Постоянно размышляя над желанием, которое я считал тщетным, мучимый обладанием путеводной нитью, которая только издевалась надо мной, мое физическое состояние в конце концов пострадало. Мое здоровье было нарушено, и мой ночной покой был нарушен. Привычка ходить во сне, от которой я не страдал с детства, вернулась и часто причиняла мне неудобства. Таково было, в общем, мое состояние в течение некоторого времени, когда однажды утром я проснулся со странным ощущением усталости, которым мое тело обычно выдавало секрет наложенных на него во сне воздействий, о которых в обычном случае я ничего бы и не подозревал. Войдя в кабинет, соединенный с моей комнатой, я обнаружил на столе несколько свежеисписанных листов. Пораженный тем, что кто-то мог находиться в моих комнатах, пока я спал, я был поражен, присмотревшись повнимательнее, заметив, что почерк был моим собственным. Насколько я был более чем поражен, прочитав изложенный материал, может судить читатель, если он внимательно его изучит. Ибо эти исписанные листы, по-видимому, содержали долгожданную запись тех часов, когда я отсутствовал в теле. Они были потерянной главой моей жизни; или, скорее, не потерянной вовсе, потому что это была не часть моей жизни наяву, а украденная глава, украденная из того сна-воспоминания, на чьих таинственных табличках вполне могут быть начертаны истории, настолько же более удивительные, чем эта, насколько это страннее, чем большинство историй.

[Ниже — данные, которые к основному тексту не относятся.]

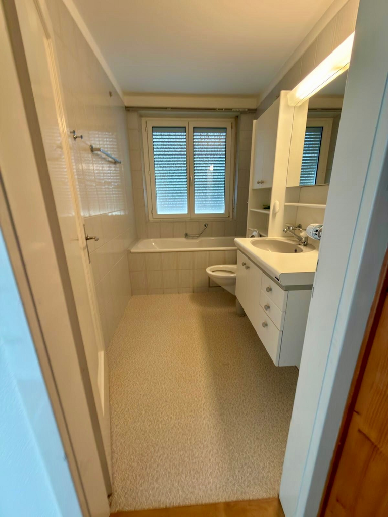 – Badezimmer mit Badewanne, Lavabo, WC und Einbauschrank

Следует помнить, что моим последним воспоминанием перед тем, как проснуться в своей постели, на утро после обморока, было созерцание побережья Земли Кеплера с необычной концентрацией внимания. Насколько я могу судить, не хуже, чем кто-либо другой, именно с того момента, когда мои телесные силы иссякли и я потерял сознание, начинается повествование, которое я нашел на своем столе.
Даже если бы я не мчался так прямо и быстро, как луч света, проложивший мой путь, один взгляд вокруг сказал бы мне, в какую часть вселенной я попал. Ни один земной пейзаж не мог бы быть более знакомым. Я стоял на высоком берегу Земли Кеплера, там, где она тянется на юг. Дул резкий западный ветер, и волны океана Де-Ла-Рю с грохотом разбивались у моих ног, в то время как широкие голубые воды залива Кристи простирались далеко на юго-запад. На фоне северного горизонта, поднимаясь из океана, как летняя грозовая туча, за которую я сначала ее принял, возвышалась далекая-далекая снежная вершина Маунт-Хилла.
Даже если бы конфигурация суши и моря была менее знакомой, я все равно знал бы, что нахожусь на планете, чей красноватый оттенок вызывает одновременно восхищение и недоумение астрономов. Теперь я увидел объяснение этому в оттенке атмосферы, окраске, сравнимой с дымкой бабьего лета, за исключением того, что ее оттенок был бледно-розовым, а не фиолетовым. Подобно дымке бабьего лета, она была неосязаема и, не мешая обзору, окутывала все предметы вблизи и вдали неописуемым очарованием. Однако, когда взгляд устремился вверх, глубокая синева космоса настолько пересилила розовый оттенок, что можно было подумать, что я все еще на Земле.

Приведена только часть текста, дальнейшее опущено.